Task objective - Word for word, reproduce the listing that follows, excluding any pictures it contains.

Data in this exercise -
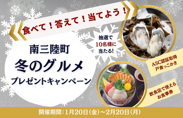 i宮城県にある南三陸町観光協会は、2023年1月20日(金)〜 2月20日(月)の期間、南三陸町内の飲食店(20店舗以上参画)の利用の際に、アンケートに答えるだけで参加できるプレゼントキャンペーンを実施いたします。
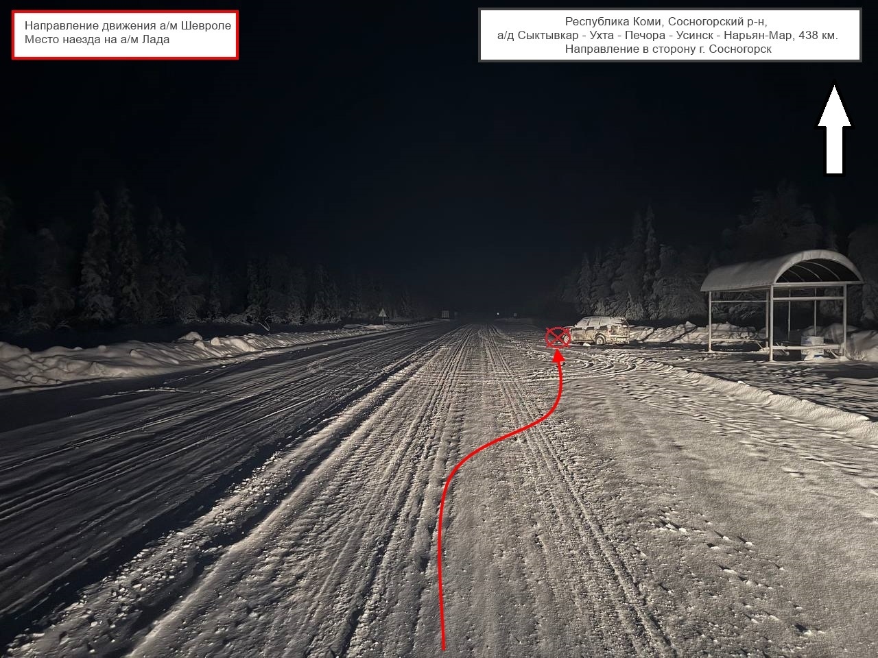 ДТП произошло 4 января в 15:09. Водитель 1975 года рождения, управляя Chevrolet Niva, двигался по автодороге Сыктывкар - Ухта - Печора - Усинск - Нарьян-Мар со стороны Печоры в направлении Сосногорска. На 438 километре дороги мужчина не справился с управлением, в результате чего наехал на стоящую на правой обочине Lada Largus.
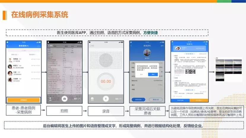 使用结构化的病例采集工具作为载体,不需要代表们手把手指导,医生只要在APP上一键将病例拍照上传,后续就会有编辑后台整理,形成完整的结构化病例。
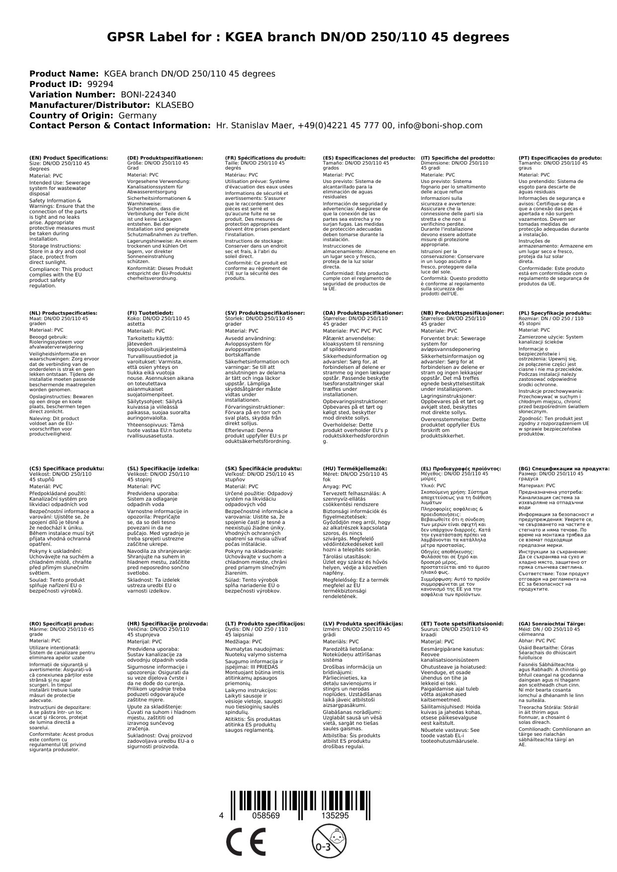An bhfuil tú ag lorg aistriú iontaofa agus marthanach do do chóras KG? Is é ár n-Aistriú KG DN 250/110 le huillinn 45 céim an réiteach idéalach chun séarachas a aistriú go sábháilte agus go héifeachtach. Comhlíon na caighdeáin is airde maidir le friotaíocht uisce agus fad saoil. Leis an aistriú seo, cosnaíonn tú an timpeallacht ó thruailliú agus baineann tú leas as suiteáil éasca. Ag Boni-Shop, gheobhaidh tú gach rud atá uait le haghaidh córas séarachais feidhmiúil.
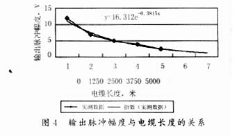 驅(qū)動(dòng)電路的驅(qū)動(dòng)能力與電纜長度的關(guān)系如圖4所示,這種關(guān)系可以用擬合的數(shù)學(xué)關(guān)系式來表達(dá),并用外推的方法推斷驅(qū)動(dòng)電路的極限驅(qū)動(dòng)能力,即一個(gè)驅(qū)動(dòng)電路達(dá)到地面測井儀脈沖信號(hào)檢測能力,所能配接的最長電纜。

Task response -
 i宮城県にある南三陸町観光協会は、2023年1月20日(金)〜 2月20日(月)の期間、南三陸町内の飲食店(20店舗以上参画)の利用の際に、アンケートに答えるだけで参加できるプレゼントキャンペーンを実施いたします。
 ДТП произошло 4 января в 15:09. Водитель 1975 года рождения, управляя Chevrolet Niva, двигался по автодороге Сыктывкар - Ухта - Печора - Усинск - Нарьян-Мар со стороны Печоры в направлении Сосногорска. На 438 километре дороги мужчина не справился с управлением, в результате чего наехал на стоящую на правой обочине Lada Largus.
 使用结构化的病例采集工具作为载体,不需要代表们手把手指导,医生只要在APP上一键将病例拍照上传,后续就会有编辑后台整理,形成完整的结构化病例。
An bhfuil tú ag lorg aistriú iontaofa agus marthanach do do chóras KG? Is é ár n-Aistriú KG DN 250/110 le huillinn 45 céim an réiteach idéalach chun séarachas a aistriú go sábháilte agus go héifeachtach. Comhlíon na caighdeáin is airde maidir le friotaíocht uisce agus fad saoil. Leis an aistriú seo, cosnaíonn tú an timpeallacht ó thruailliú agus baineann tú leas as suiteáil éasca. Ag Boni-Shop, gheobhaidh tú gach rud atá uait le haghaidh córas séarachais feidhmiúil.
 驅(qū)動(dòng)電路的驅(qū)動(dòng)能力與電纜長度的關(guān)系如圖4所示,這種關(guān)系可以用擬合的數(shù)學(xué)關(guān)系式來表達(dá),并用外推的方法推斷驅(qū)動(dòng)電路的極限驅(qū)動(dòng)能力,即一個(gè)驅(qū)動(dòng)電路達(dá)到地面測井儀脈沖信號(hào)檢測能力,所能配接的最長電纜。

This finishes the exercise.